Em Pequim, sob o fluxo incessante de uma das metrópoles mais movimentadas do mundo, existe um segredo colossal: uma vasta rede de cidades debaixo da terra, projetada para proteger milhões de pessoas de um apocalipse nuclear. Conhecida como Dixia Cheng (地下城), ou “A Cidade Subterrânea”, esta não é uma fantasia de ficção científica, mas um dos projetos de engenharia civil mais ambiciosos e secretos do século XX.

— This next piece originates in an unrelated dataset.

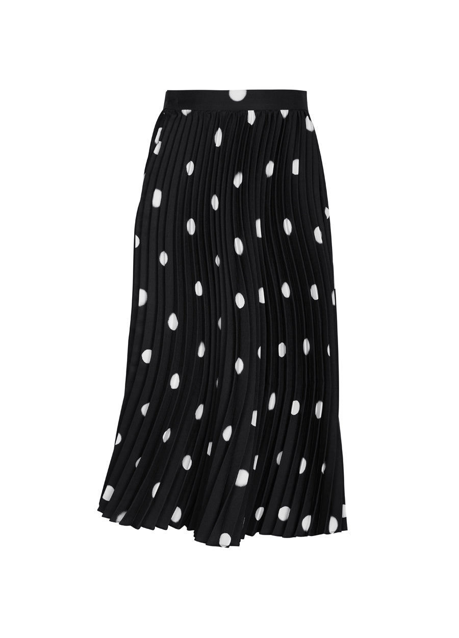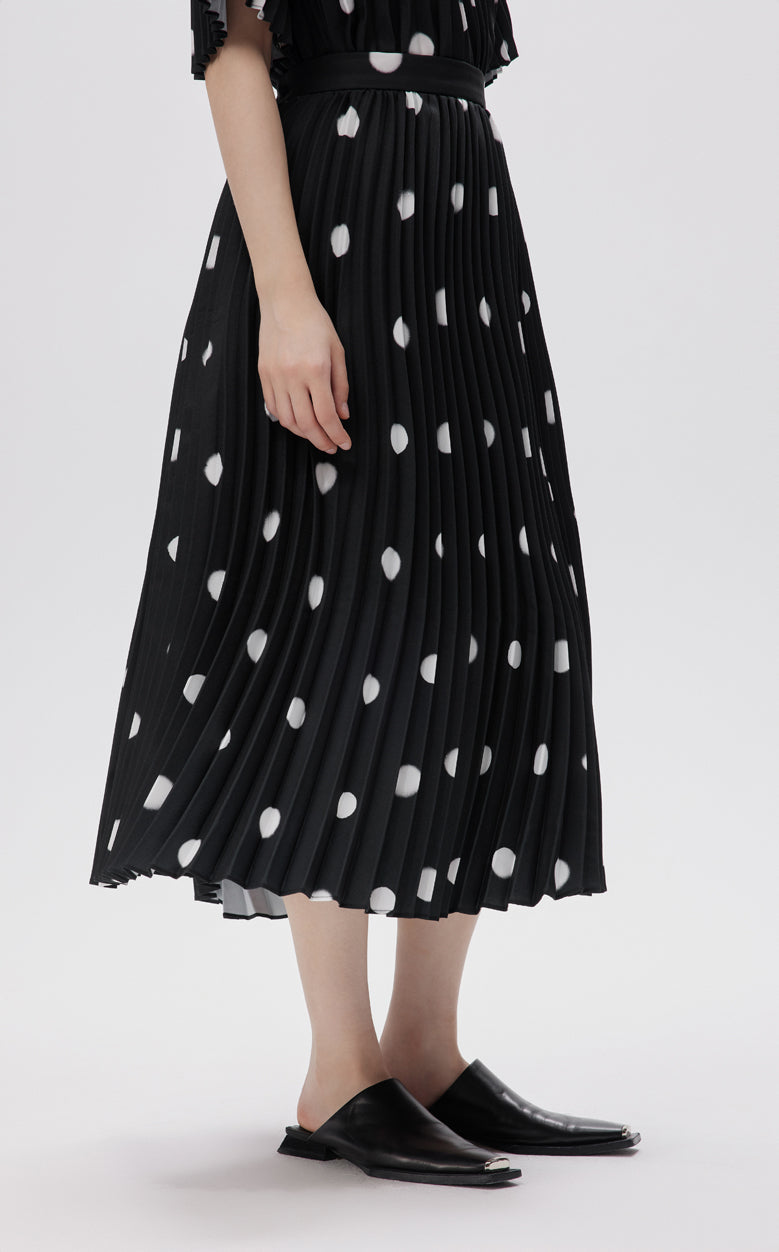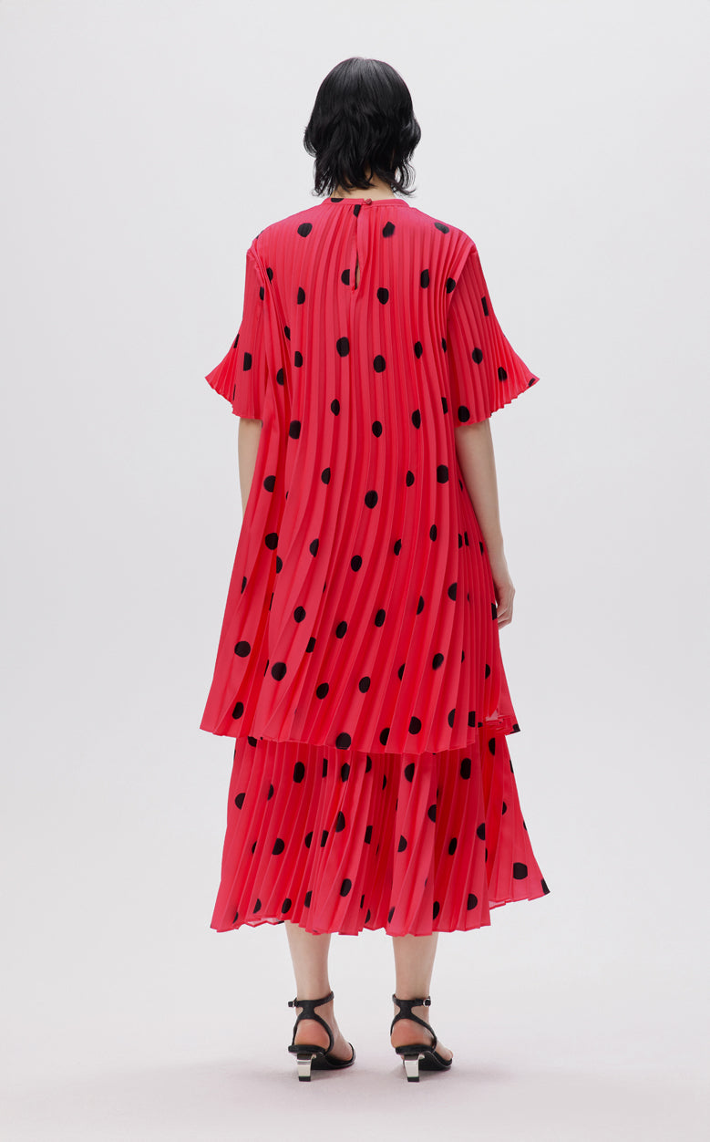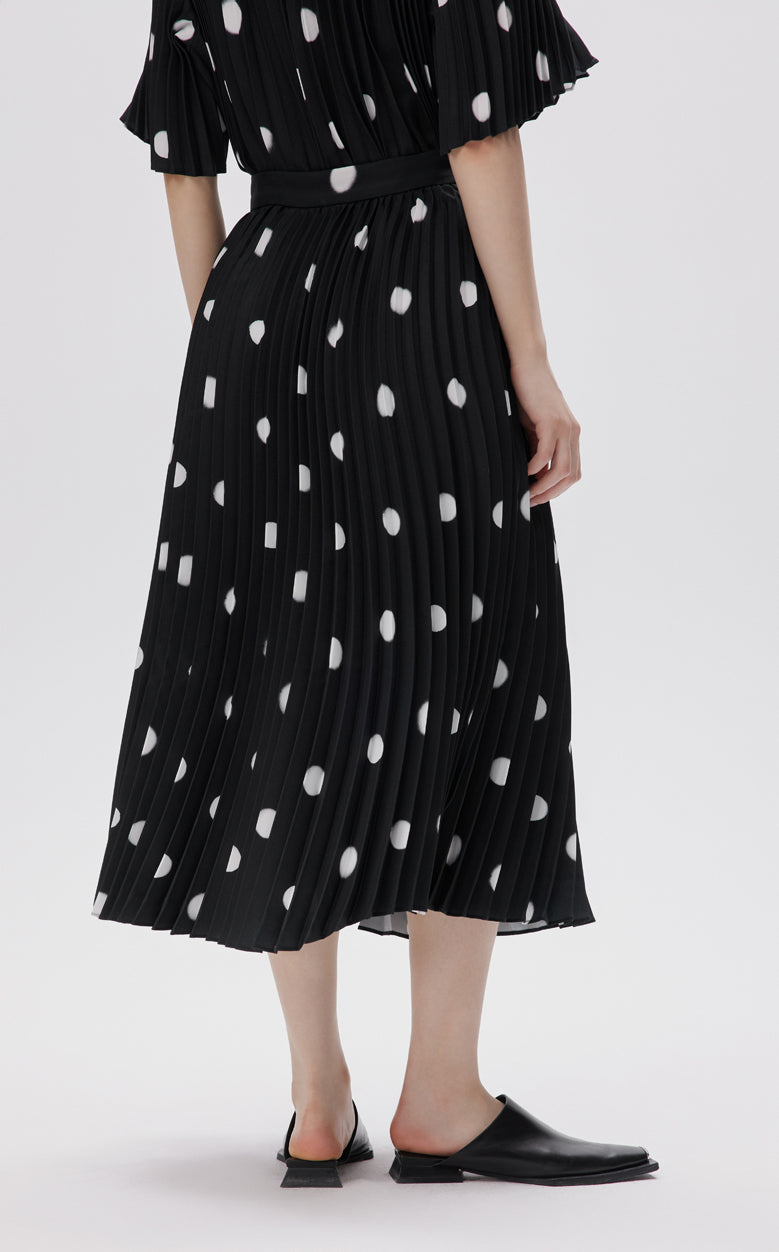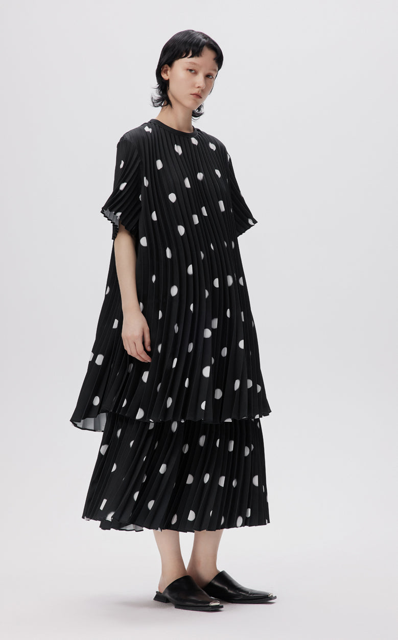 The retro polka-dot print collides with the stiff architectural pleats. The wavy folds break the rules and feel softer from the visual effect; the whole body is retro and modern with the same print.

Iniciada no auge da Guerra Fria, esta “Grande Muralha subterrânea” foi construída para funcionar como um refúgio autossuficiente em caso de ataque. Fontes históricas e reportagens investigativas, como as publicadas por veículos como a National Geographic, revelam um complexo que incluía restaurantes, hospitais, escolas e cinemas. A escala do projeto é um testemunho impressionante da mentalidade de uma era definida pela ameaça da aniquilação mútua, uma cidade inteira esperando por uma guerra que nunca veio.
Este artigo leva você a uma jornada por esses túneis esquecidos. Vamos descobrir por que a China mobilizou 300.000 cidadãos para escavar seu subsolo, como essas cidades foram projetadas para garantir a sobrevivência e como, décadas depois, elas ganharam uma nova e inesperada vida, revelando uma faceta surpreendente da sociedade chinesa moderna.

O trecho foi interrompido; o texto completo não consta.